** PROBLEM STATEMENT **
What you return must be every line from the beginning of the data through the line holding "ดร. ไมเคิล สไตเนอร์", unchanged.

** RECORDED DATA **

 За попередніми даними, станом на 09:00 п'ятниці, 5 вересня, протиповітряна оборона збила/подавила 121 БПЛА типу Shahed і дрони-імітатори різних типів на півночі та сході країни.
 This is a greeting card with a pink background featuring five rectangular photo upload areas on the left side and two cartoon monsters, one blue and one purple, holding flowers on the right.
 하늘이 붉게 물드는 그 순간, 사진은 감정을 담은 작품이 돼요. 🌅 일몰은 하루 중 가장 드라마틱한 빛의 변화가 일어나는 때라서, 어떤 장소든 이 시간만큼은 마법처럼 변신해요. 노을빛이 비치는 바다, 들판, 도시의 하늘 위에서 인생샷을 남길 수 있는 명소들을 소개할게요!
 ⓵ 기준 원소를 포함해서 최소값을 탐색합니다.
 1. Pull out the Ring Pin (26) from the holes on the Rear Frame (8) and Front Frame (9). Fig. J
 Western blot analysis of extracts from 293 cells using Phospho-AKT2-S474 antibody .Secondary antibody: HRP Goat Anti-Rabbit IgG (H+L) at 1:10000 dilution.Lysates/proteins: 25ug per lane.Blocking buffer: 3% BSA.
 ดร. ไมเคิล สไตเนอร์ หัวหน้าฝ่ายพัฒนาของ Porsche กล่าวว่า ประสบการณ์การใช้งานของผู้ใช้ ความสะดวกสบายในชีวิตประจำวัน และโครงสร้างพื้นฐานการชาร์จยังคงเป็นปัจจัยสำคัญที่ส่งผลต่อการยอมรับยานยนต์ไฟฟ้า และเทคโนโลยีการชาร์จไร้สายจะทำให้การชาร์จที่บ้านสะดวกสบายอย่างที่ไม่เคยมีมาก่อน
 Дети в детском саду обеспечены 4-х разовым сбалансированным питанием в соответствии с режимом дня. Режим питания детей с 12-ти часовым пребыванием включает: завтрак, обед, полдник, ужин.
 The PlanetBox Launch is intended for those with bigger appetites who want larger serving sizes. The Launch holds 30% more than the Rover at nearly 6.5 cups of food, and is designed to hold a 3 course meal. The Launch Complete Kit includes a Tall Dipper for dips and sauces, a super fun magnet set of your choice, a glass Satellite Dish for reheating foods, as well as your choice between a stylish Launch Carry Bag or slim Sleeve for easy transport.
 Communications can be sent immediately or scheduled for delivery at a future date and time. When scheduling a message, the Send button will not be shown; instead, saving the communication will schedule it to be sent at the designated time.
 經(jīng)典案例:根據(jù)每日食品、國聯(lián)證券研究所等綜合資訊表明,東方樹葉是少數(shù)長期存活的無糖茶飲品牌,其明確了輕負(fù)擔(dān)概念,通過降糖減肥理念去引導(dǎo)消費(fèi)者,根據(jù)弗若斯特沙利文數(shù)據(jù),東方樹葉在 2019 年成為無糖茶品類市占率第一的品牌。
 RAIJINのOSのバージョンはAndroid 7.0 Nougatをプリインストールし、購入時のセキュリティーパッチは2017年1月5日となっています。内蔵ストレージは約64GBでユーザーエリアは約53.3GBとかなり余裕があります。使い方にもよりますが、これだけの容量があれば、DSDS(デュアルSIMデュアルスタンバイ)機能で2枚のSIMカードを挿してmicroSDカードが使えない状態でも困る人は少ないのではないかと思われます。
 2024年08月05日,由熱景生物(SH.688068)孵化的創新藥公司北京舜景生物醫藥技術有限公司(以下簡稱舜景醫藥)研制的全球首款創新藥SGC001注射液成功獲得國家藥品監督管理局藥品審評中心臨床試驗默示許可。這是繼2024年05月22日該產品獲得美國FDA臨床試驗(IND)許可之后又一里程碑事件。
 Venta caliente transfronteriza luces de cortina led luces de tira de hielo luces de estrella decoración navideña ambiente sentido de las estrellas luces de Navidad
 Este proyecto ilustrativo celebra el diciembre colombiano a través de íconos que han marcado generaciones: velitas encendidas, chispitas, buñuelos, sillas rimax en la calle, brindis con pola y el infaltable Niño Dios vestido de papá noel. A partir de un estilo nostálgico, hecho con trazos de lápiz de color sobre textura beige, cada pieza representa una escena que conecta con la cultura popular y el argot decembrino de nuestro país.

** TASK OUTPUT **
 За попередніми даними, станом на 09:00 п'ятниці, 5 вересня, протиповітряна оборона збила/подавила 121 БПЛА типу Shahed і дрони-імітатори різних типів на півночі та сході країни.
 This is a greeting card with a pink background featuring five rectangular photo upload areas on the left side and two cartoon monsters, one blue and one purple, holding flowers on the right.
 하늘이 붉게 물드는 그 순간, 사진은 감정을 담은 작품이 돼요. 🌅 일몰은 하루 중 가장 드라마틱한 빛의 변화가 일어나는 때라서, 어떤 장소든 이 시간만큼은 마법처럼 변신해요. 노을빛이 비치는 바다, 들판, 도시의 하늘 위에서 인생샷을 남길 수 있는 명소들을 소개할게요!
 ⓵ 기준 원소를 포함해서 최소값을 탐색합니다.
 1. Pull out the Ring Pin (26) from the holes on the Rear Frame (8) and Front Frame (9). Fig. J
 Western blot analysis of extracts from 293 cells using Phospho-AKT2-S474 antibody .Secondary antibody: HRP Goat Anti-Rabbit IgG (H+L) at 1:10000 dilution.Lysates/proteins: 25ug per lane.Blocking buffer: 3% BSA.
 ดร. ไมเคิล สไตเนอร์ หัวหน้าฝ่ายพัฒนาของ Porsche กล่าวว่า ประสบการณ์การใช้งานของผู้ใช้ ความสะดวกสบายในชีวิตประจำวัน และโครงสร้างพื้นฐานการชาร์จยังคงเป็นปัจจัยสำคัญที่ส่งผลต่อการยอมรับยานยนต์ไฟฟ้า และเทคโนโลยีการชาร์จไร้สายจะทำให้การชาร์จที่บ้านสะดวกสบายอย่างที่ไม่เคยมีมาก่อน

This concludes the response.